In the area of clinical practice improvement, Gasperini says Congress intended to give credit to those already engaged in practice improvement activities. "We want that fact to be recognized, rather than CMS saying this is a new category and they are going to come up with a whole new set of requirements, each with its own process and administrative issues to deal with it," she explains. "Unfortunately, in the quality measure development plan CMS released in December it looks like they plan to stray from Congress' intent and set up additional criteria."

Finally, meaningful use has been a large pain point for providers. "We would like to see the focus change so it is not focused on fulfilling administrative requirements, and rather focused on using health IT to improve patient care and practice performance," Gasperini says. "For example, one thing that is unfair in our opinion is the all-or-nothing approach. A lot of improvements need to be made there before we can just move it into MIPS."

(In January, officials from CMS and the Office of the National Coordinator for Health IT strongly signaled that although meaningful use will continue to be part of MIPS, there will be significant changes to Stage 3 to focus more on outcome-based measures and toward allowing flexibility to customize health IT to individual practice needs.)
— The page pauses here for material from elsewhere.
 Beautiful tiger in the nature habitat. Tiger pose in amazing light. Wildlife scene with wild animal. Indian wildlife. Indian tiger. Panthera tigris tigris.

David Wofford, senior manager for ECG Management Consultants in San Diego, agrees with Gasperini and SA Ignite's Lee that practices should start planning for MIPS this year. "I would think that maximizing your performance under the existing programs is probably the best thing you can do," he says. "In the absence of real clarity, you have to go with what you know and see what you can do to maximize those things. But that is really cold comfort to a lot of physicians, who appear to be pretty anxious about this and I can't say I blame them."

MORE TO COME

The framework is defined by legislation, but the legislation gives authority to the Secretary of Health & Human Services, so there is a lot of detail that is going to have to be figured out - for instance, how CMS is going to administer the MIPS scores. "Doctors will get a score that places them somewhere along a sliding scale, but it is up to the secretary to determine how those four performance categories are boiled down to a single composite score," Wofford says. "It could be they construct a scheme whereby almost everybody gets a similar score or it could be they spread the scores out along that entire continuum, in which case they are moving a lot of dollars around and there are winners and losers. Where is CMS going to come down on that? We don't really know," he adds. "It wouldn't be a stretch to see a scenario where CMS gets a lot of pushback from the AMA and other organizations and then takes a conservative approach to implementing these incentives, where you don't have a big spread. But the risk there is that if everybody gets pretty much the same score no matter what, then you've got this huge administrative overhead just reporting the data and it loses its incentive effect. So they are going to have some hard decisions to make."